At room temperature, a dilute solution of urea is prepared by dissolving 0.60 g of urea in 360 g of water. If the vapour pressure of pure water at this temperature is 35 mm Hg, lowering of vapour pressure will be `1.74 xx 10^(-x)` mm Hg. The numerical value of x is _____________. (Molar mass of urea = 60 g `mol^(-1)`).
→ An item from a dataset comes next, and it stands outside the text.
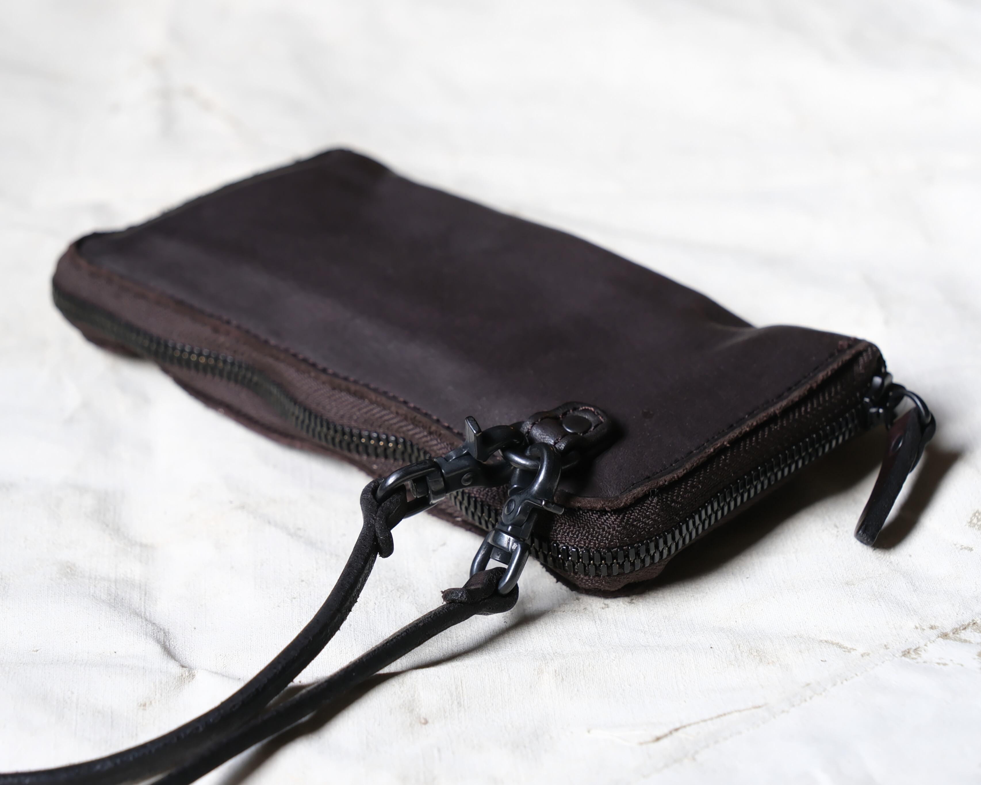 〇万が一、濡れてしまった場合は、乾いた布でお拭き取りになり風通しの良い場所で陰干してからご使用、保管して下さい。また、植物タンニン鞣しの革は、太陽の光や照明等に当たると焼けて色が変化していきます。それがこの革の良い点ではありますが、1部分だけが変色したりする事を避けるためにも、保管の際はご配慮下さい。

To solve the problem, we need to calculate the lowering of vapor pressure when 0.60 g of urea is dissolved in 360 g of water. We will use Raoult's Law, which states that the lowering of vapor pressure is proportional to the mole fraction of the solute. ### Step-by-Step Solution: 1. **Calculate the number of moles of urea:** \[ \text{Number of moles of urea} = \frac{\text{mass of urea}}{\text{molar mass of urea}} = \frac{0.60 \, \text{g}}{60 \, \text{g/mol}} = 0.01 \, \text{mol} \] 2. **Calculate the number of moles of water:** \[ \text{Molar mass of water (H}_2\text{O)} = 2 \times 1 + 16 = 18 \, \text{g/mol} \] \[ \text{Number of moles of water} = \frac{\text{mass of water}}{\text{molar mass of water}} = \frac{360 \, \text{g}}{18 \, \text{g/mol}} = 20 \, \text{mol} \] 3. **Calculate the total number of moles in the solution:** \[ \text{Total number of moles} = \text{moles of urea} + \text{moles of water} = 0.01 + 20 = 20.01 \, \text{mol} \] 4. **Calculate the mole fraction of urea (solute):** \[ \chi_{\text{urea}} = \frac{\text{moles of urea}}{\text{total moles}} = \frac{0.01}{20.01} \approx 0.00049975 \] 5. **Calculate the lowering of vapor pressure (ΔP):** Using Raoult's Law: \[ \Delta P = P^0 \cdot \chi_{\text{urea}} \] where \( P^0 = 35 \, \text{mm Hg} \): \[ \Delta P = 35 \, \text{mm Hg} \times 0.00049975 \approx 0.01749 \, \text{mm Hg} \] 6. **Express ΔP in the form \( 1.74 \times 10^{-x} \) mm Hg:** \[ 0.01749 \, \text{mm Hg} = 1.749 \times 10^{-2} \, \text{mm Hg} \approx 1.74 \times 10^{-2} \, \text{mm Hg} \] Here, we can see that \( x = 2 \). ### Final Answer: The numerical value of \( x \) is **2**.